Exactly 35 years ago, Gedolei Yisrael came out with warnings regarding the Shabbos desecration of El Al. Their primary claim was that El Al, a public company, needed to be more careful to preserve the honor of Shabbos. The Gerrer Rebbe, the Lev Simchah, zy”a, who led the battle, said that it was a chillul Hashem to see an Israeli icon such as El Al desecrating Shabbos.
The Rebbe wanted to formulate a kol korei — a harsh letter of protest against the company. However, various askanim sought to delay it, promising that the government would imminently deal with the problem.
Meanwhile, Operation Peace for Galilee broke out. Planes rumbled through civilian airspace en route to the front lines. The Gerrer Rebbe pointed to a plane on the horizon; he didn’t say a thing. Those close to him understood that the bloodbath could have perhaps been prevented, had there been enough effort made to honor Shabbos and protest its desecration in the public sphere.
In Elul, a letter signed by Gedolei Yisrael from across the spectrum was published. It quoted a passuk from sefer Yechezkel (22:26): “Vayechalelu kodoshai bein kodesh lechol lo hivdilu ubein hatamei letahor lo hod’iu umiShabsosai he’elimu eineihem — They desecrated that which was holy to Me, they did not differentiate between the holy and the secular, between the profane and the pure … and they ignored My Shabbos.”
Less than a week after the letter was publicized, dozens of embittered El Al employees went on strike. This action indirectly led to the company declaring bankruptcy and going into receivership.

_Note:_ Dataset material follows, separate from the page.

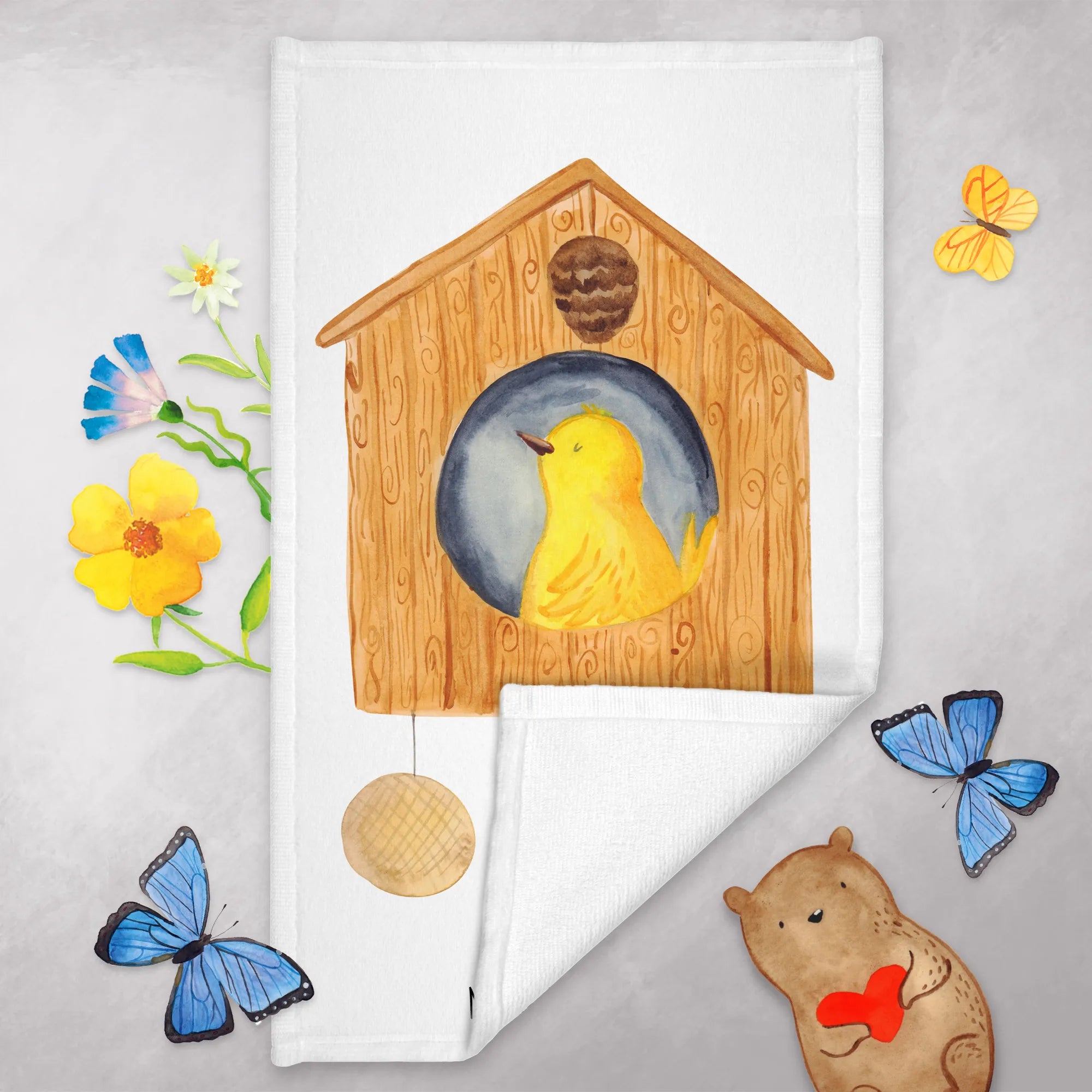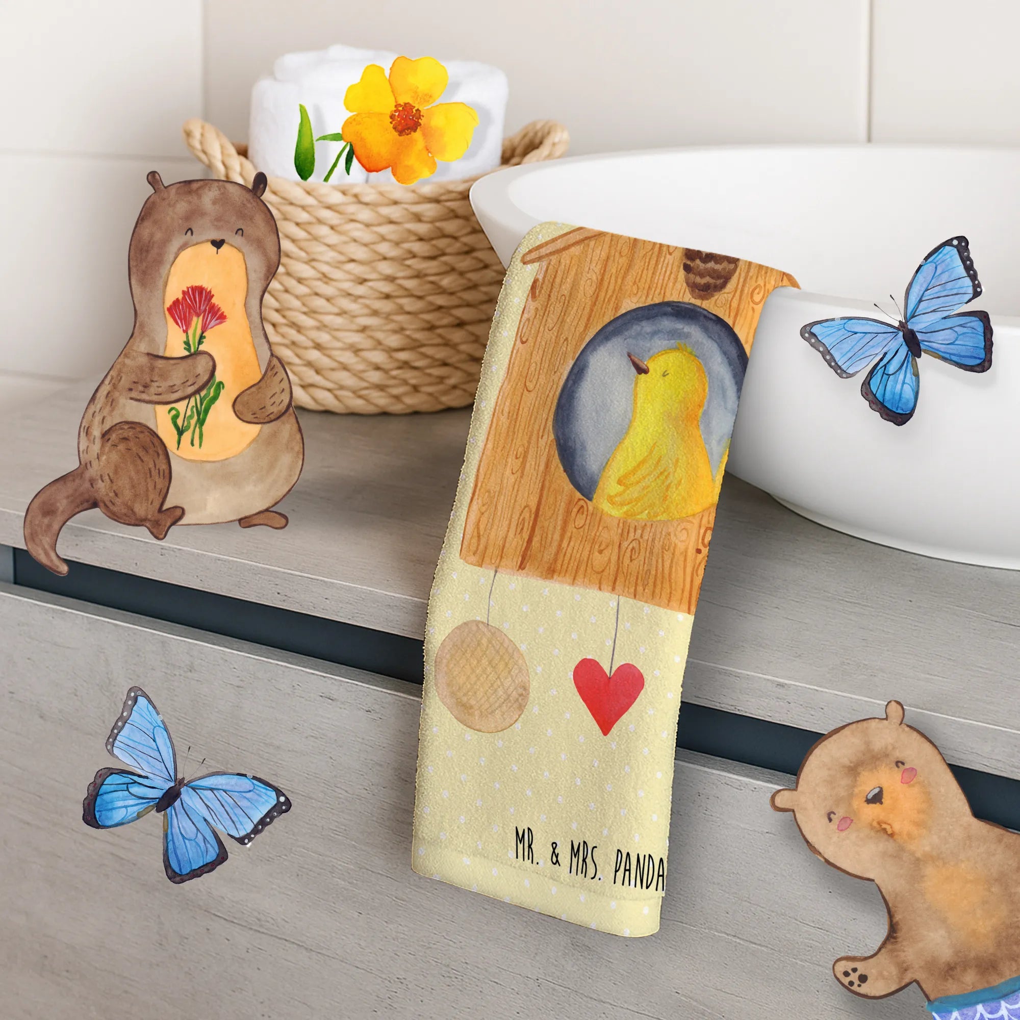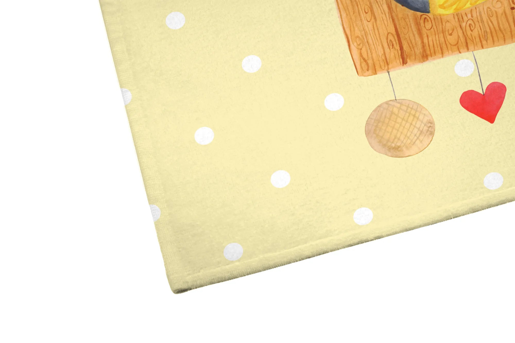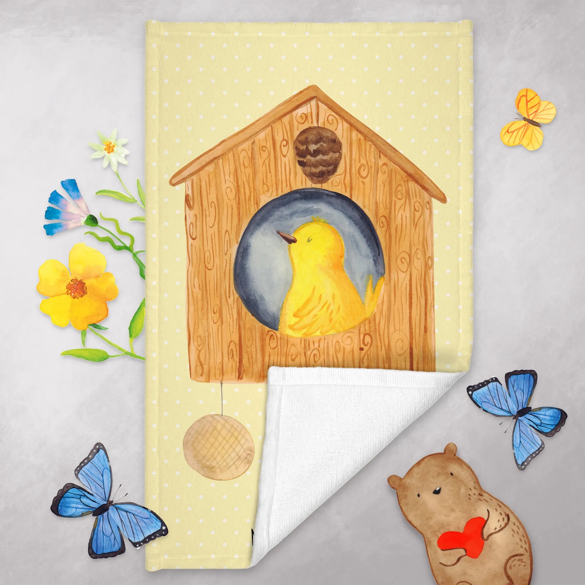 Das Gästehandtuch "Vogelhaus sweet Home" von Mr. & Mrs. Panda ist das perfekte Geschenk für jeden, der sein Zuhause lieben möchte! 🎁 Dieses flauschige Handtuch vereint Funktionalität mit einem charmanten Design, das dein Badezimmer aufheckt und deinen Gästen ein warmes Willkommen bietet. Das süße Vogelmotiv, das einen zufriedenen kleinen Vogel in seinem gelben Zuhause zeigt, strahlt Glück und Gemütlichkeit aus.

Rabbi Yaakov Litzman, who resigned this week from his job as health minister, is not working in the individual arena. He has not come to enforce Shabbos observance in every Jewish home. In contrast to the gloomy forecasts of various pundits and self-serving commentators, Litzman is not looking to “chareidize” the residents of Tel Aviv, nor does he want to interfere in their lives. He does want to preserve the status quo — that promise made by David Ben Gurion, Israel’s first prime minister, to the then-Welfare Minister Harav Yitzchak Meir Levin, zt”l.
This is what Mr. Ben Gurion wrote: “It is clear that the legal day of rest in the Jewish state will be Shabbos. Likewise, permission will be granted to Christians and those of other religions to rest on their weekly day of rest.”
Regretfully, shamefully and distressingly, this promise was not enforced and not preserved. Jews are forced to desecrate Shabbos in the Jewish state.
There is a great deal of chillul Shabbos throughout the country. No one is so foolish as to think that only Israel Rail desecrates the Shabbos; it is simply a more recent member of an existing club. But there is a significant difference between government symbols that benefit from public sponsorship and are in the public eye, and individuals who desecrate Shabbos in their homes and private businesses.
Israel Rail is a public entity, a government symbol. The government is the one overseeing the pace of construction and upgrades. How painful it is to see hardworking Jews trying to eke out a living, forced to spend Shabbos under the baking sun on the rail tracks between Dimona and Beer Sheva. Don’t they also deserve a day of rest like the other citizens of Eretz Yisrael? Like the other citizens of the world?
Yes, this government has been good for the chareidim. Many injustices of recent years have been rectified. But where chillul Hashem exists, no chareidi can continue to tread. To continue to sit in this government is a chillul Hashem of great proportions. Shabbos will not go bankrupt, but we, as believing Jews, have nothing to seek there.
Praiseworthy are you, Rabbi Litzman. You have received a reward for the drishah, for what you have done, and for the prishah, the departure. Blessed is he who sanctifies Hashem’s name in public.